Lord David Puttnam: From award-winning film maker to policy maker
View(s):In the summer of 1978, Lord David Puttnam was ill and housebound in Los Angeles when he came across a book that would change his life. Its title – decidedly undramatic – was “An Approved History of the Olympic Games” by Bill Henry. But the film that Puttnam would be inspired to make after reading that book would be another creature altogether – released in 1981, “Chariots of Fire” was full of drama and striving, and would inspire a generation of filmmakers and audiences.
Puttnam would later recall: “On page 116, the author writes of three sensational wins by British athletes’ at the 1924 Paris Olympic Games and it was the story of two of these – ‘long-legged collegian’ Harold Abrahams and ‘dark horse’ Eric Liddell, a religious man who refused to run on a Sunday – that eventually formed the basis (with some dramatic licence) of Chariots of Fire.”
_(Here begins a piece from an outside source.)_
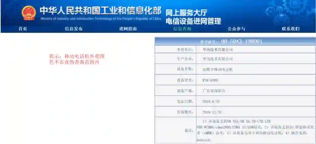 任何移动终端产品均需要取得国家检测机构发布的入网许可证,这是国家的法律法规要求,通常意义上的入网,是指终端厂商向工信部申请获得手机入网许可证。比如华为5G手机获得编号001的入网许可证,就是工信部颁发的。
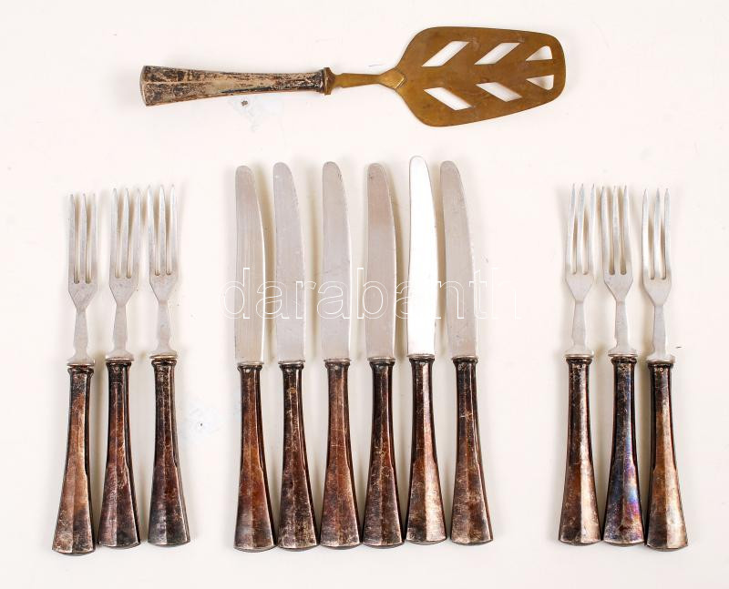 6 db ezüst (Ag) nyelű süteményes villa és kés és süteményes lapát, br: 197 g /

In the years after “Chariots of Fire” became a runaway success, Lord David Puttnam would be faced again and again with how his audience was divided between its two protagonists Eric Liddell and Howard Abrams.
“The film offered the opportunity to look at two sides of the human character,” he told journalists.“Both involved winning but winning for different reasons and through different means. And so I’ve had people come up to me and say, “Oh I really loved that film about the Jewish runner” and they wouldn’t mention Liddell at all. And others would talk about Liddell and his principles and everything else. So people carved out the movie for themselves.”
It was also clear to Puttnam that the movie’s appeal came from a nostalgia for when sport was clean and competitive and not tainted by drug use.Puttnam would describe it as a longing for a time when sport was just about excellence.
In as much as the film proved influential in the lives of audiences around the world, it changed Puttnam too. It contributed, along with movies like “The Killing Fields” “Midnight Express”, “Memphis Belle and “The Mission”, to his reputation as one of the most successful film producers of all time. In total he won 10 Oscars, 25 Baftas and the Palme D’Or at Cannes for his work in movies.
Among the many he made, his personal favourite is the lesser known “Local Hero.”Puttnam considers it his most personal film, because he lived in Ireland in exactly that kind of environment; embedded in a small village, and surrounded by a tightly knit community.
Local Hero tackled the issue of the environment, decades before eco-friendly became a buzzword, reflecting Puttnam’s early commitment to being an eco-advocate. “It always has been that way for me. When I was making that film, I was also president of an organisation called – it’s a terrible title – the Council for the Protection of Rural England, and I was also chairman of the first committee that got the bill for climate change legislation in the world. We had the world’s first climate change act,” he told Today Online.
Puttnam received his knighthood in 1995 and retired from film production in 1998 to focus on his work in public policy as it relates to education, the environment, and the creative and communications industries. He has never regretted the move:
“I genuinely believe that education is the most important ministry of all. Without education, nothing else works. If you haven’t got a good education system, everything else collapses. You can’t develop a health service off the back of a poor education system. You can’t guarantee yourself a decent pension off the back of a bad education system. Or even infrastructure. It’s the signequ’on of a successful society.”
Today, he sees his legacy as being divided equally between the wonderful films he helped make, and the policy reforms he drove in his time in government. When asked what he wants on his epitaph, he says simply that it should read: “God knows he tried”.